Oil filters were optional back then and could be added at the dealer or from an aftermarket kit at places like Western Auto...but your flathead appears to have the remnants of a car flathead's dipstick tube that has been plugged, so ya might have a Dodge or Plymouth flathead that replaced the original, as the Dodge Truck dipstick was mounted on the side of the oilpan...my '48 has a '55 Plymouth 230 in it, that was something that took access to the internets to figure out because it had the truck oilpan, external bypass thermostat housing, foot-operated starter, etc...

Posted
1 hour ago, JBNeal said:

Dodge or Plymouth flathead that replaced the original, as the Dodge Truck dipstick was mounted on the side of the oilpan

 

Is this year specific?

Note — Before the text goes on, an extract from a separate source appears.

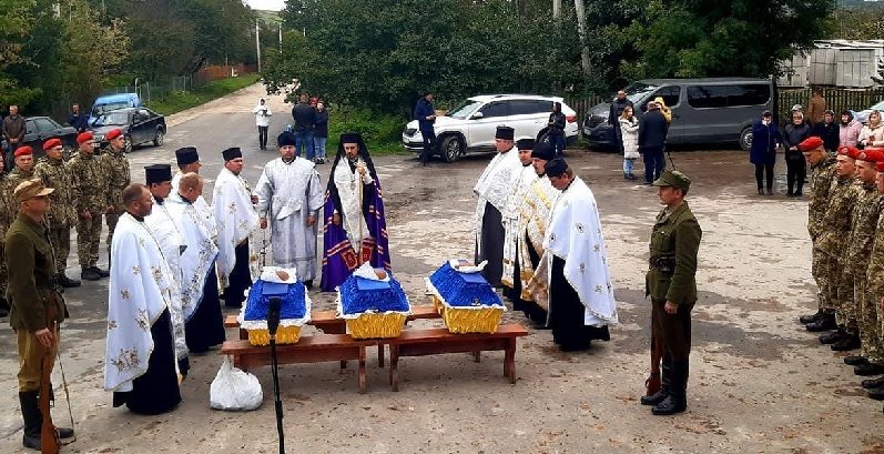 Вояків УПА перепоховали поряд із могилою солдата 24-ї ОМБр Романа Мусія, який загинув на Донбасі 2014-року, захищаючи Україну від російських окупантів.

Or is this for all B series Dodge truck models? (48 B1D)

 

Will need to go back to the shop and look at all my parts once I hear the answer to this one, to make sure I put it all together right!

Posted

So that plugged tube is a question for us, but the dipstick does go all the way to the oil pan. You can see the plugged tube to the upper right of the photo. Also missing the sending unit wire from whatever sending unit is between the distrubutor and the oil fill tube. They must have also added an aftermarket block heater seen just below the oil dipstick top.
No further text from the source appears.